The release by the WikiLeaks Web site of 90,000 secret documents on the war in Afghanistan has put hundreds of Afghan lives at risk because the files identify informants working with NATO forces, the London Times reported yesterday.
WikiLeaks founder Julian Assange said earlier this week that all the documents released through his organization had been checked for named informants and that 15,000 such documents had been held back.
But the Times reported that after just two hours of combing through the documents it was able to find the names of dozens of Afghans said to have provided detailed intelligence to US forces.
Experts said the Taliban and al-Qaeda would already be using the information to identify and target informers in the war zone.
The Times cited one 2008 document that included a detailed interview with a Taliban fighter considering defection.
The man, who names local Taliban commanders and talks about other potential defectors, is identified by name, along with his father’s name and village.
In another case from 2007, a senior official accuses named figures in the Afghan government of corruption.
“The leaks certainly have put in real risk and danger the lives and integrity of many Afghans,” a senior official at the Afghan foreign ministry, who declined to be named, told the Times.
“The US is both morally and legally responsible for any harm that the leaks might cause to the individuals, particularly those who have been named. It will further limit the US/international access to the uncensored views of Afghans,” the Afghan official told the newspaper.
US officials have said they were working to see if the mass document release late on Sunday could jeopardize operational security and US national security or the endanger lives of informants in Afghanistan.
Meanwhile yesterday, a packed bus hit a roadside bomb in southern Afghanistan, killing 25 people aboard, as NATO announced another US death in a rapidly rising monthly death toll.
The passenger bus was traveling in Nimroz Province on a main highway toward Kabul when it struck the explosive around 7am local time, said Nazir Ahmad, a provincial government spokesman. Another 20 people were wounded, he said.

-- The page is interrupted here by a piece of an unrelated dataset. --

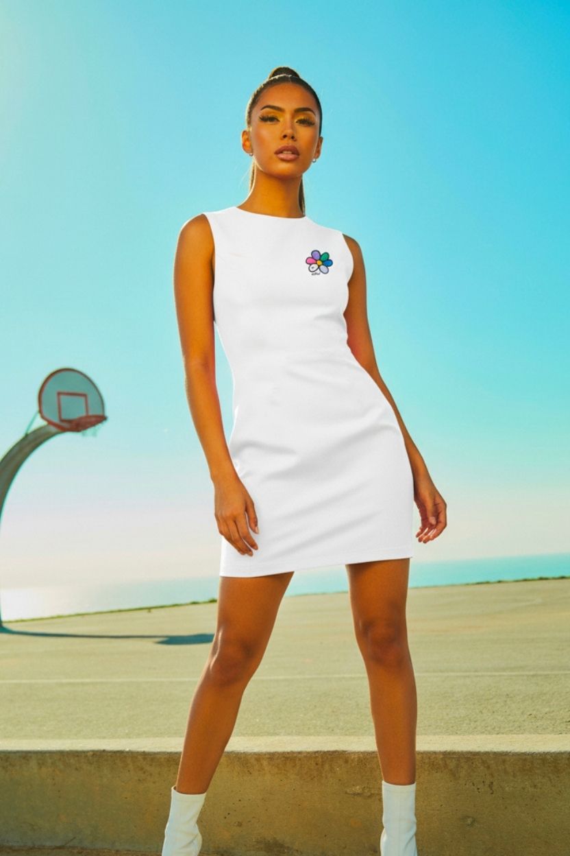 Robe courte en pur coton léger, sans manches, à encolure ronde, avec le logo imprimé en couleur sur le côté cœur et dans le dos.
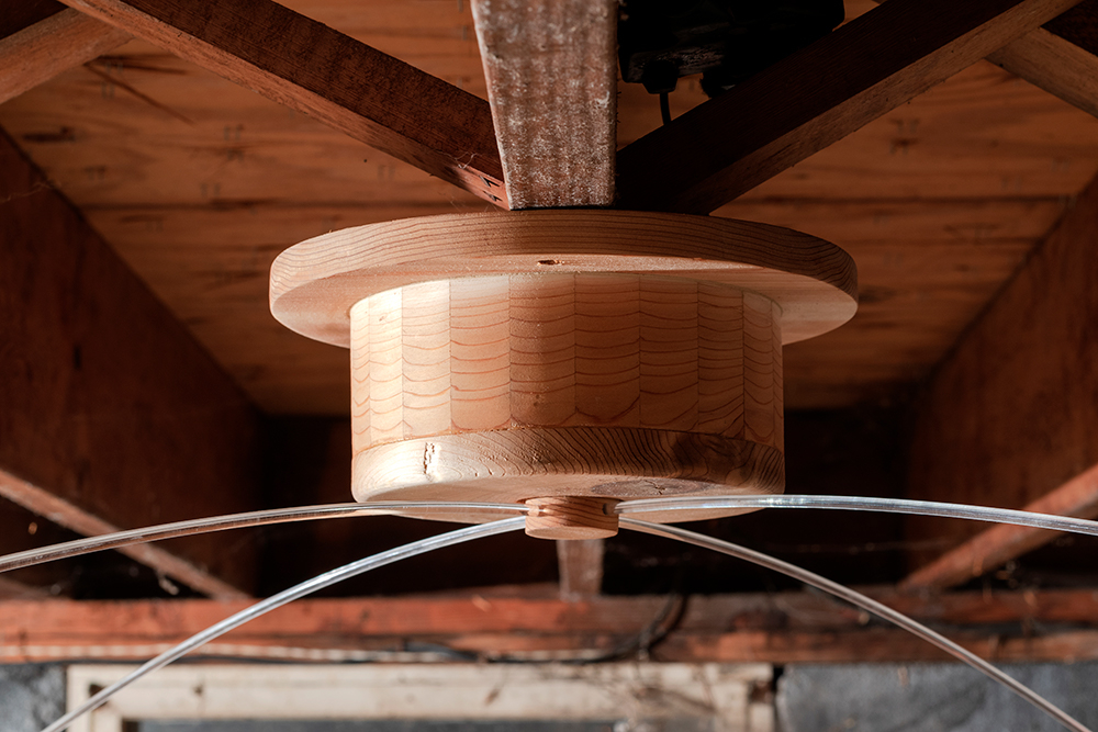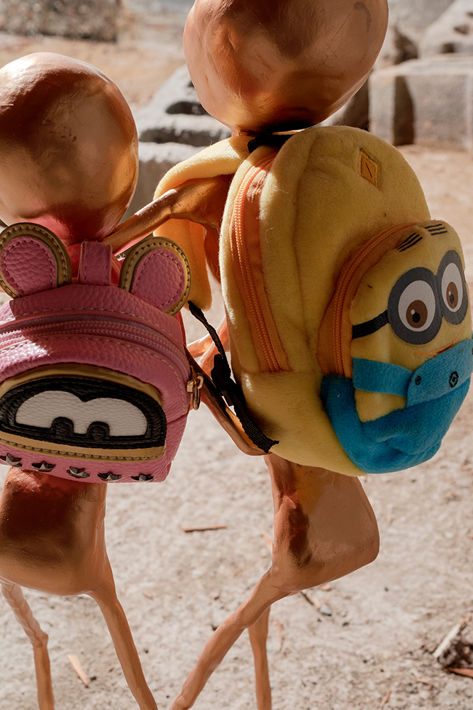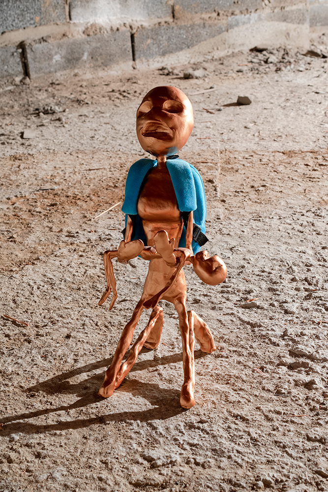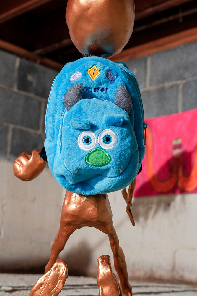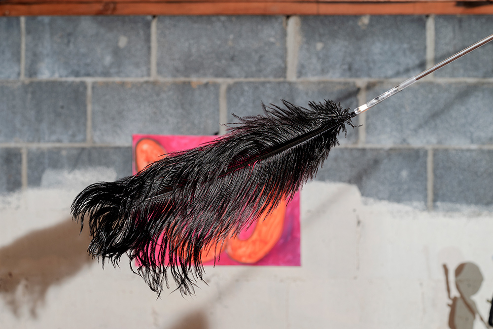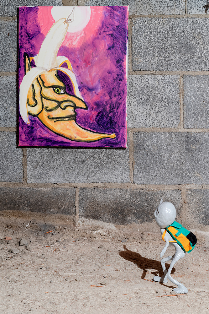 The show situates paintings and sculptural works in a loaded site for artist and project space founder Hinge: darkZone is located in the basement crawl space of his New Jersey family home. Along the walls Hinge’s colourful figurative paintings bring to mind schlocky trash films and pulp pop culture, while the cellar is populated with the distressed figurine sculptures of Sargent, along with Sullivan’s kitsch ceiling fan installation. The works in kissed by profane grace play to the space’s feeling as a site for childhood retreat into skewed imagination.**

The explosion occurred around Delaram near the borders of Helmand and Farah provinces.
In other news, NATO forces said a US service member was killed in an insurgent attack in southern Afghanistan on Tuesday, without giving further details.
This is already one of the deadliest months for US troops in the nearly nine-year Afghan war, with 59 service members killed so far. That’s just shy of the 60 that died last month — currently the deadliest month for US forces.
US forces have pushed into southern Taliban strongholds in recent months and weeks in an attempt to squeeze insurgents out of the area where they have long functioned as a de facto government.
Along with the surge, attacks on military forces and Afghan supporters of the government have increased. Many civilians have also been killed or injured in incidents like yesterday’s bus bomb or caught up in the crossfire.
The NATO military coalition is also receiving heavy casualties overall. Altogether, 80 NATO troops have died so far this month. Last month, 103 NATO forces were killed.